* [TASK GOAL]
Retype each line of the material below word for word; pictures stay out.

* [DATA TO PROCESS]

━━━━━━

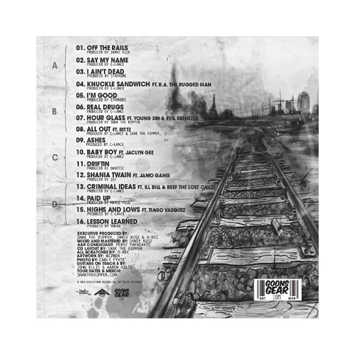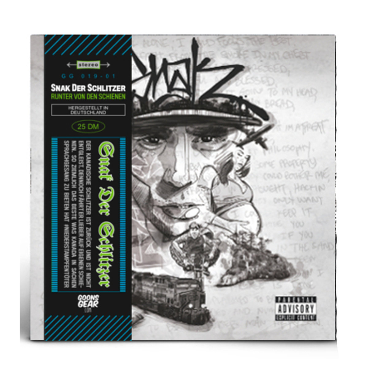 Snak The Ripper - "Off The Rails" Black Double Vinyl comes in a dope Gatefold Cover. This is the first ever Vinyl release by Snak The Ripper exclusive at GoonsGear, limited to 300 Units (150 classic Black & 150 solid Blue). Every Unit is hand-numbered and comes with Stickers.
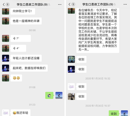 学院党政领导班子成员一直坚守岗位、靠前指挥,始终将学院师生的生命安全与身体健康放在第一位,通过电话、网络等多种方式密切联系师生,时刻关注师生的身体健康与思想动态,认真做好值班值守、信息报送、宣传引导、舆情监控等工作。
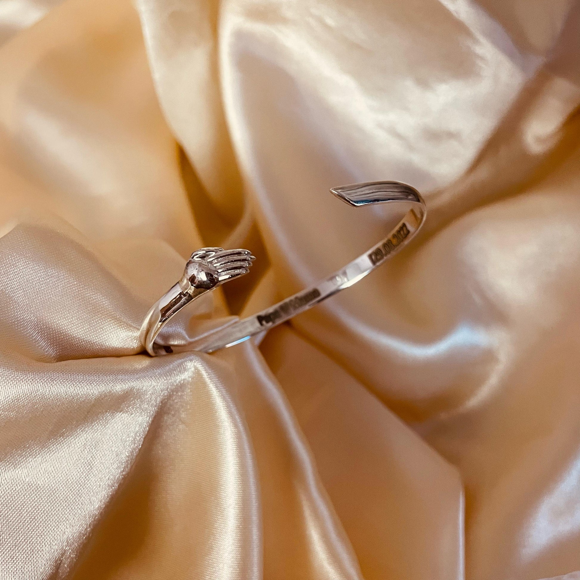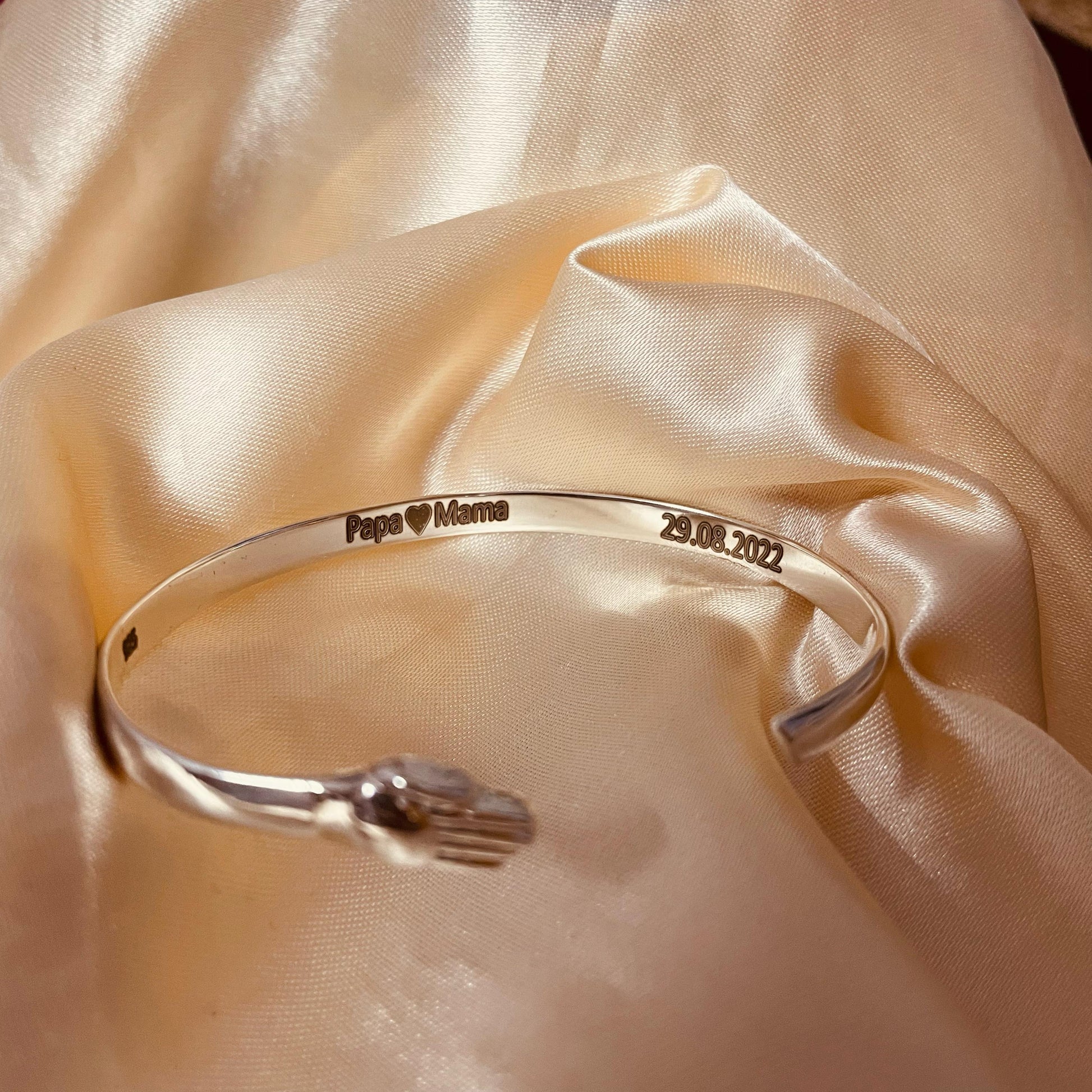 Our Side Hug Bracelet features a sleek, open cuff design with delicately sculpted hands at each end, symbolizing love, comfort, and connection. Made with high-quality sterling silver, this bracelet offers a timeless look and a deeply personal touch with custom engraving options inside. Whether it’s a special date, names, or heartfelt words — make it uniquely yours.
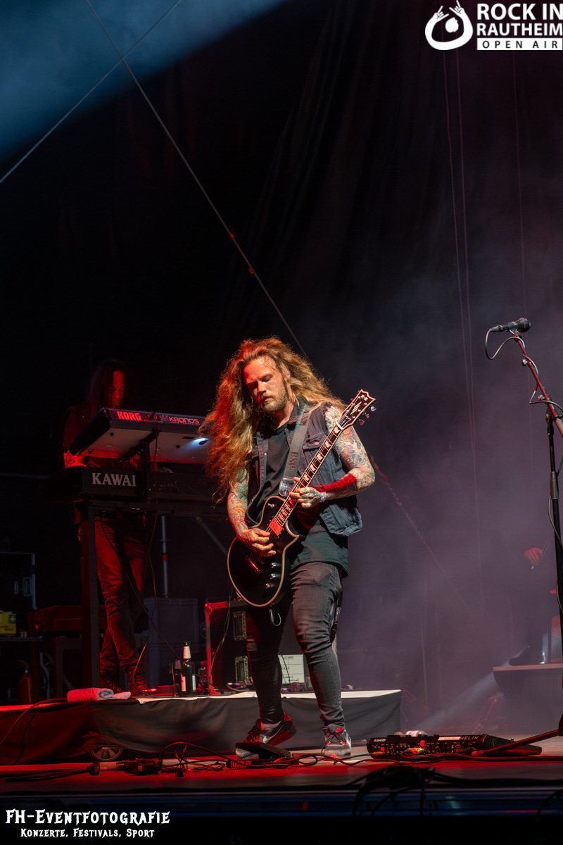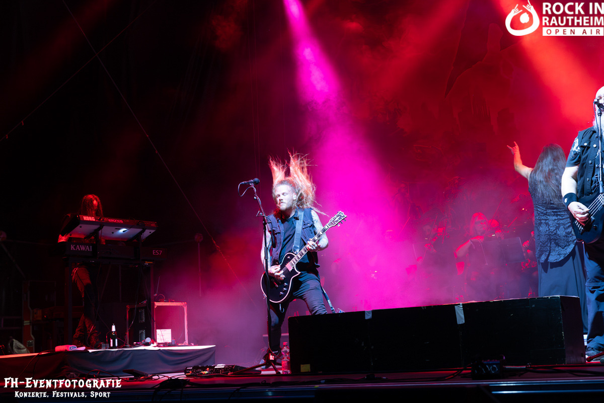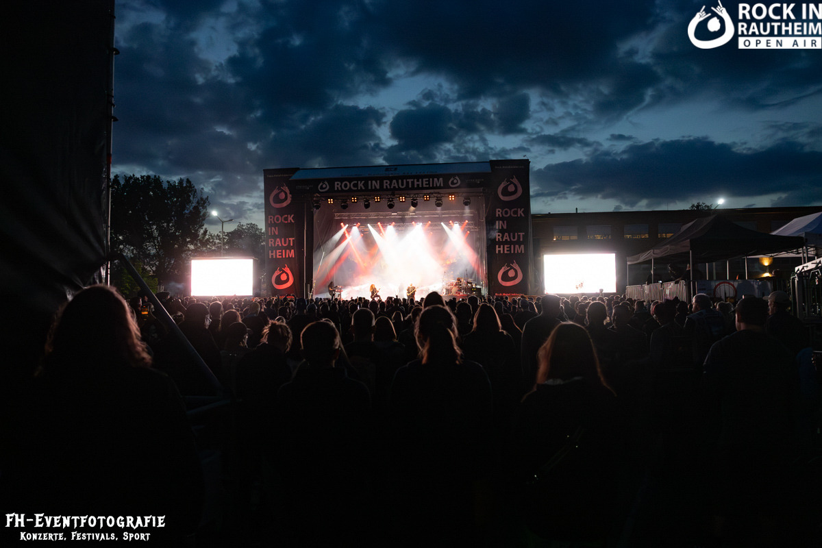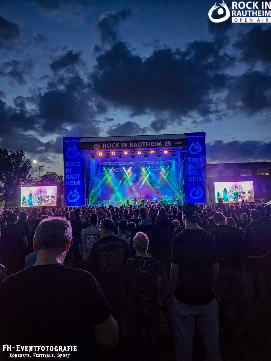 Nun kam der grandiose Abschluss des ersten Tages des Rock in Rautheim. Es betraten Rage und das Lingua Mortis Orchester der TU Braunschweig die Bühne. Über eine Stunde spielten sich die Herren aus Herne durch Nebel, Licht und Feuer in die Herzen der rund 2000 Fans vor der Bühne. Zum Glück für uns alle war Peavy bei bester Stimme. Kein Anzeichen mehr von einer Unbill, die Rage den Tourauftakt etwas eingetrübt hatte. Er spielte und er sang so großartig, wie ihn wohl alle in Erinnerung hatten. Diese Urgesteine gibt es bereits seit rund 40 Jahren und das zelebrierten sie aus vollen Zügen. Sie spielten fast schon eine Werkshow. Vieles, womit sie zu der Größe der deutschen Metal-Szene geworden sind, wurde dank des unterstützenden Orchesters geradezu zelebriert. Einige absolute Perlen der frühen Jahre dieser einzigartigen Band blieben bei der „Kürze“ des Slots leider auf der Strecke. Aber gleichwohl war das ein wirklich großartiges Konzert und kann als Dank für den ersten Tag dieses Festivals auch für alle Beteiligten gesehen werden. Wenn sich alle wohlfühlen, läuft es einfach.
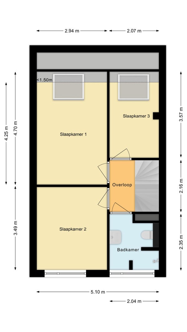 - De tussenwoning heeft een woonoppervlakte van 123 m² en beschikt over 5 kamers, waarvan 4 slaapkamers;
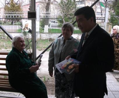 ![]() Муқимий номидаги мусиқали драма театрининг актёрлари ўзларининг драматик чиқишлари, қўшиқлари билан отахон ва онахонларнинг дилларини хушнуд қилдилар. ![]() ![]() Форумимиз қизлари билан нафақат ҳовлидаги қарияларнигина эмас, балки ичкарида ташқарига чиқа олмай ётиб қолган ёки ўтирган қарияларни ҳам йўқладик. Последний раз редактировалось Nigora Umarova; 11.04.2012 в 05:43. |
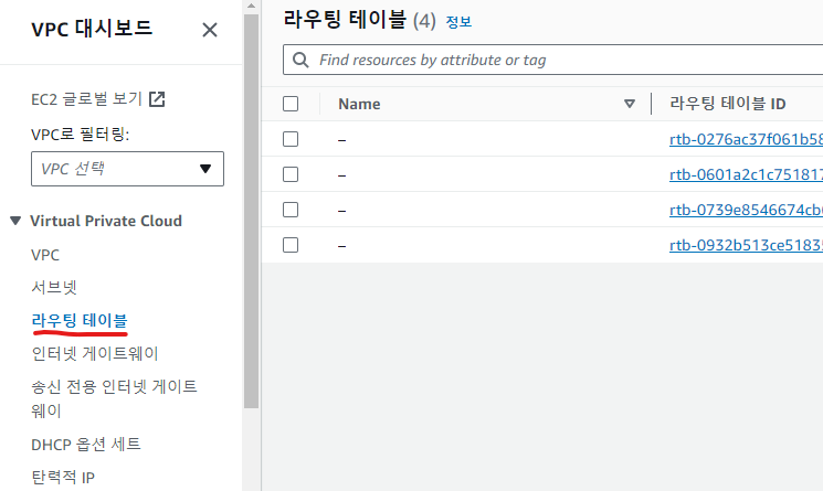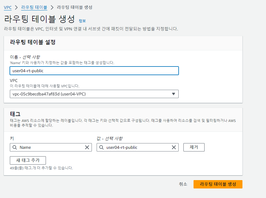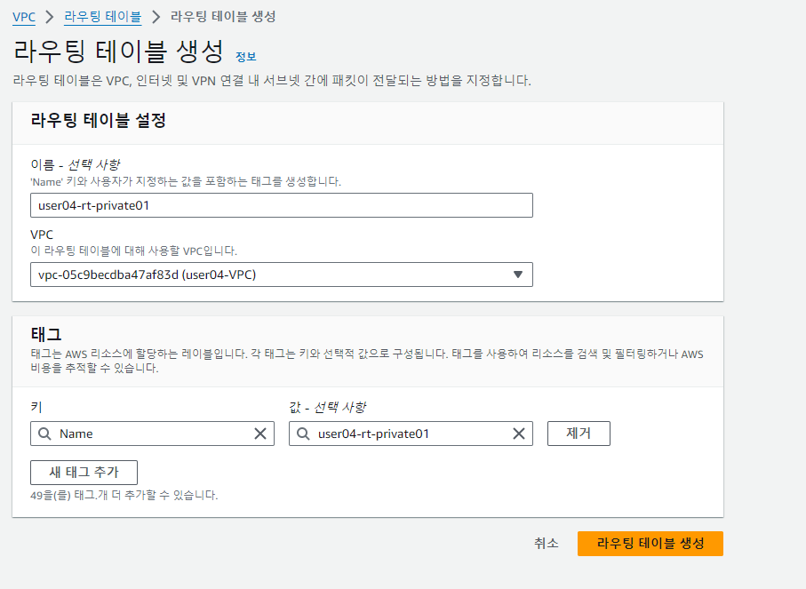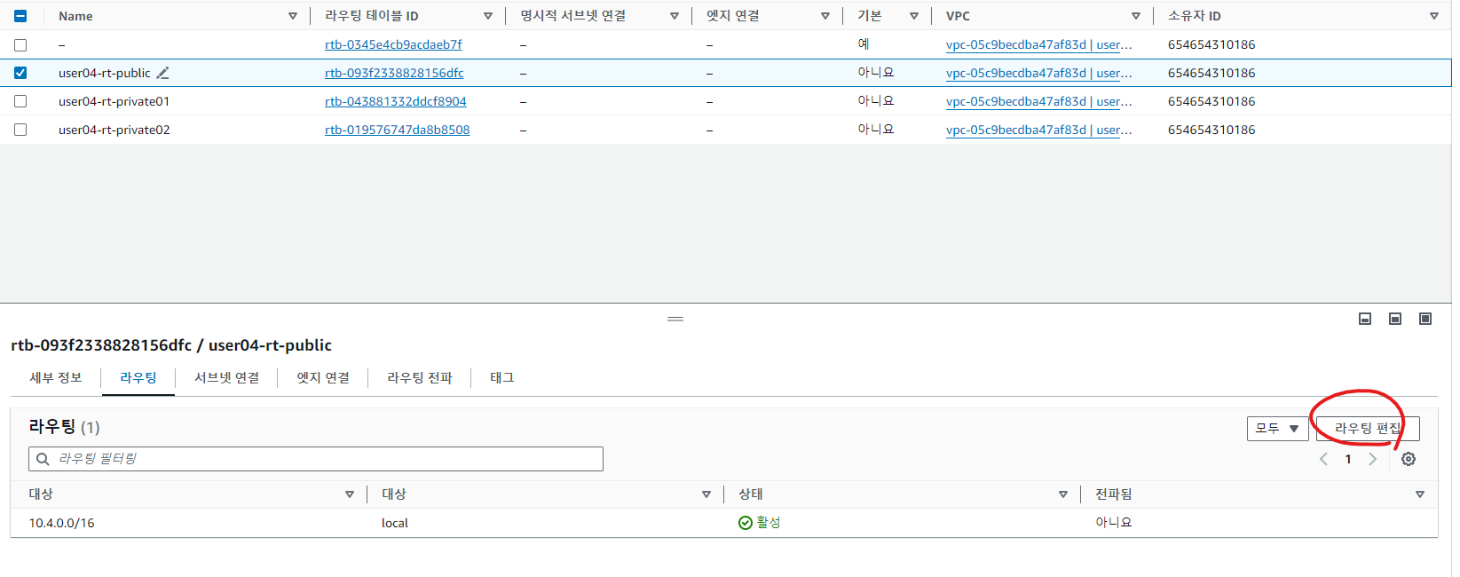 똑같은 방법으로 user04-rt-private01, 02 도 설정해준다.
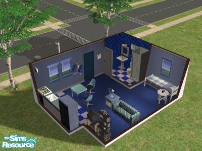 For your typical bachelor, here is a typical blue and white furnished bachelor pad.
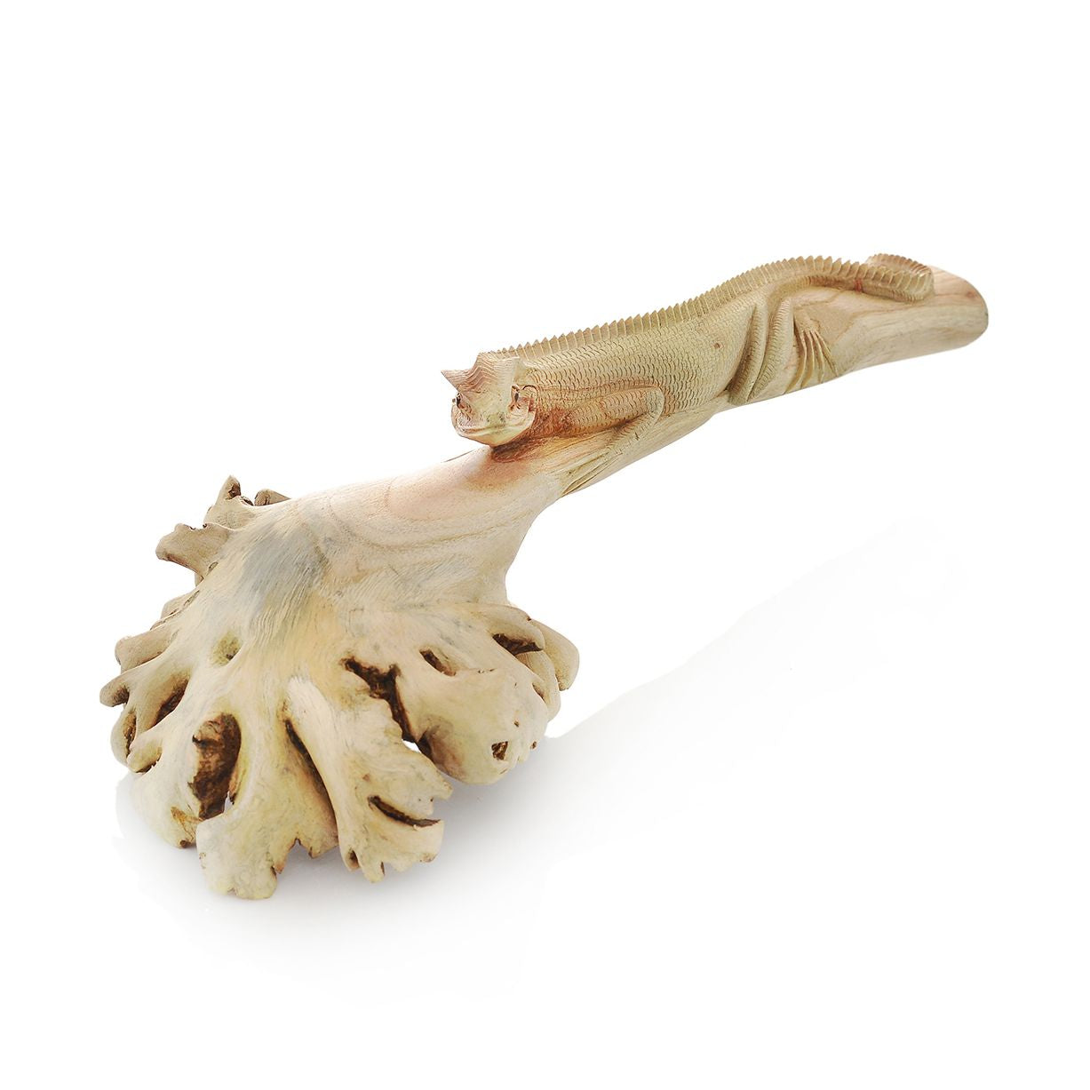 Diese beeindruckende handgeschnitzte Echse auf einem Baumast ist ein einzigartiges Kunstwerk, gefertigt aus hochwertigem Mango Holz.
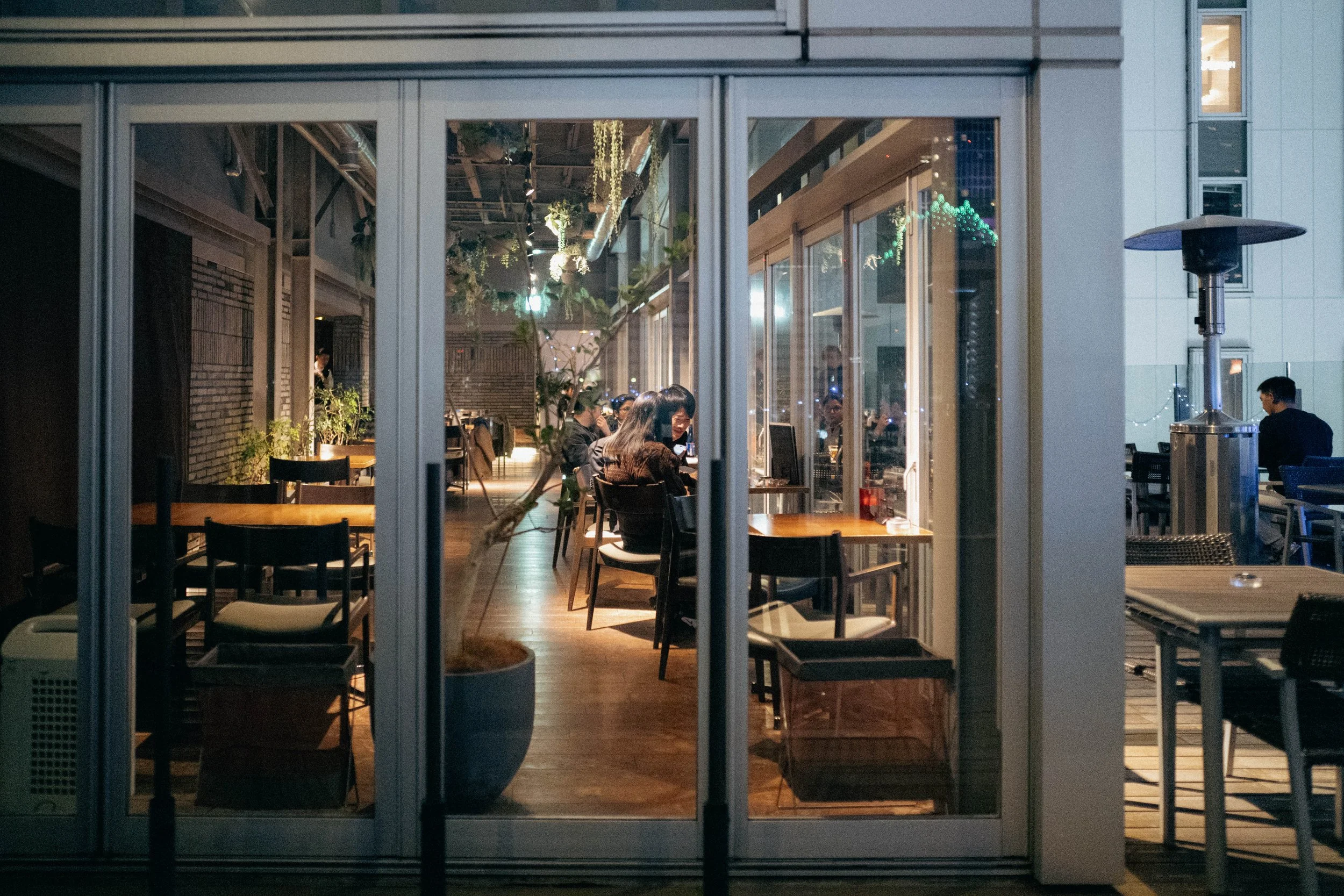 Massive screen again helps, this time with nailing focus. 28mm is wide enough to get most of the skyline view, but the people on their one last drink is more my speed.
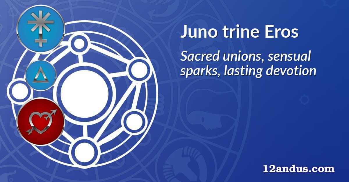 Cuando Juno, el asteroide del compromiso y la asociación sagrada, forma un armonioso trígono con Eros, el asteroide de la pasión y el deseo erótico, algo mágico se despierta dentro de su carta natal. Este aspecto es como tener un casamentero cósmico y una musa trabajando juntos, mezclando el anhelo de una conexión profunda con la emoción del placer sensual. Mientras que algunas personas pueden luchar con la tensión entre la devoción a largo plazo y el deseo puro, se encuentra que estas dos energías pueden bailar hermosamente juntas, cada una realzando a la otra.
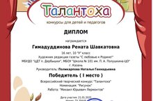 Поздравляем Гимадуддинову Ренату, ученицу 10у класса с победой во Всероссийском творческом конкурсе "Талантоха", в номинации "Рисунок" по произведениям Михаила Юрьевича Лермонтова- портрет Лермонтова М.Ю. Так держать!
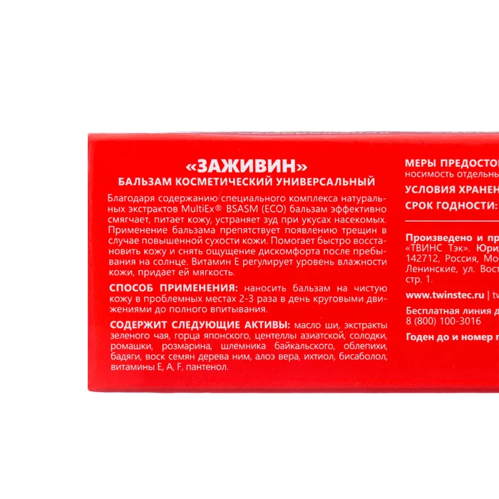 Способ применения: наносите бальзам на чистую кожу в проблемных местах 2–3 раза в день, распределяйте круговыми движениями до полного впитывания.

━━━━━━

* [TASK ANSWER]
 Snak The Ripper - "Off The Rails" Black Double Vinyl comes in a dope Gatefold Cover. This is the first ever Vinyl release by Snak The Ripper exclusive at GoonsGear, limited to 300 Units (150 classic Black & 150 solid Blue). Every Unit is hand-numbered and comes with Stickers.
 学院党政领导班子成员一直坚守岗位、靠前指挥,始终将学院师生的生命安全与身体健康放在第一位,通过电话、网络等多种方式密切联系师生,时刻关注师生的身体健康与思想动态,认真做好值班值守、信息报送、宣传引导、舆情监控等工作。
 Our Side Hug Bracelet features a sleek, open cuff design with delicately sculpted hands at each end, symbolizing love, comfort, and connection. Made with high-quality sterling silver, this bracelet offers a timeless look and a deeply personal touch with custom engraving options inside. Whether it’s a special date, names, or heartfelt words — make it uniquely yours.
 Nun kam der grandiose Abschluss des ersten Tages des Rock in Rautheim. Es betraten Rage und das Lingua Mortis Orchester der TU Braunschweig die Bühne. Über eine Stunde spielten sich die Herren aus Herne durch Nebel, Licht und Feuer in die Herzen der rund 2000 Fans vor der Bühne. Zum Glück für uns alle war Peavy bei bester Stimme. Kein Anzeichen mehr von einer Unbill, die Rage den Tourauftakt etwas eingetrübt hatte. Er spielte und er sang so großartig, wie ihn wohl alle in Erinnerung hatten. Diese Urgesteine gibt es bereits seit rund 40 Jahren und das zelebrierten sie aus vollen Zügen. Sie spielten fast schon eine Werkshow. Vieles, womit sie zu der Größe der deutschen Metal-Szene geworden sind, wurde dank des unterstützenden Orchesters geradezu zelebriert. Einige absolute Perlen der frühen Jahre dieser einzigartigen Band blieben bei der „Kürze“ des Slots leider auf der Strecke. Aber gleichwohl war das ein wirklich großartiges Konzert und kann als Dank für den ersten Tag dieses Festivals auch für alle Beteiligten gesehen werden. Wenn sich alle wohlfühlen, läuft es einfach.
 - De tussenwoning heeft een woonoppervlakte van 123 m² en beschikt over 5 kamers, waarvan 4 slaapkamers;
 ![]() Муқимий номидаги мусиқали драма театрининг актёрлари ўзларининг драматик чиқишлари, қўшиқлари билан отахон ва онахонларнинг дилларини хушнуд қилдилар. ![]() ![]() Форумимиз қизлари билан нафақат ҳовлидаги қарияларнигина эмас, балки ичкарида ташқарига чиқа олмай ётиб қолган ёки ўтирган қарияларни ҳам йўқладик. Последний раз редактировалось Nigora Umarova; 11.04.2012 в 05:43. |
 똑같은 방법으로 user04-rt-private01, 02 도 설정해준다.
 For your typical bachelor, here is a typical blue and white furnished bachelor pad.
 Diese beeindruckende handgeschnitzte Echse auf einem Baumast ist ein einzigartiges Kunstwerk, gefertigt aus hochwertigem Mango Holz.
 Massive screen again helps, this time with nailing focus. 28mm is wide enough to get most of the skyline view, but the people on their one last drink is more my speed.
 Cuando Juno, el asteroide del compromiso y la asociación sagrada, forma un armonioso trígono con Eros, el asteroide de la pasión y el deseo erótico, algo mágico se despierta dentro de su carta natal. Este aspecto es como tener un casamentero cósmico y una musa trabajando juntos, mezclando el anhelo de una conexión profunda con la emoción del placer sensual. Mientras que algunas personas pueden luchar con la tensión entre la devoción a largo plazo y el deseo puro, se encuentra que estas dos energías pueden bailar hermosamente juntas, cada una realzando a la otra.
 Поздравляем Гимадуддинову Ренату, ученицу 10у класса с победой во Всероссийском творческом конкурсе "Талантоха", в номинации "Рисунок" по произведениям Михаила Юрьевича Лермонтова- портрет Лермонтова М.Ю. Так держать!
 Способ применения: наносите бальзам на чистую кожу в проблемных местах 2–3 раза в день, распределяйте круговыми движениями до полного впитывания.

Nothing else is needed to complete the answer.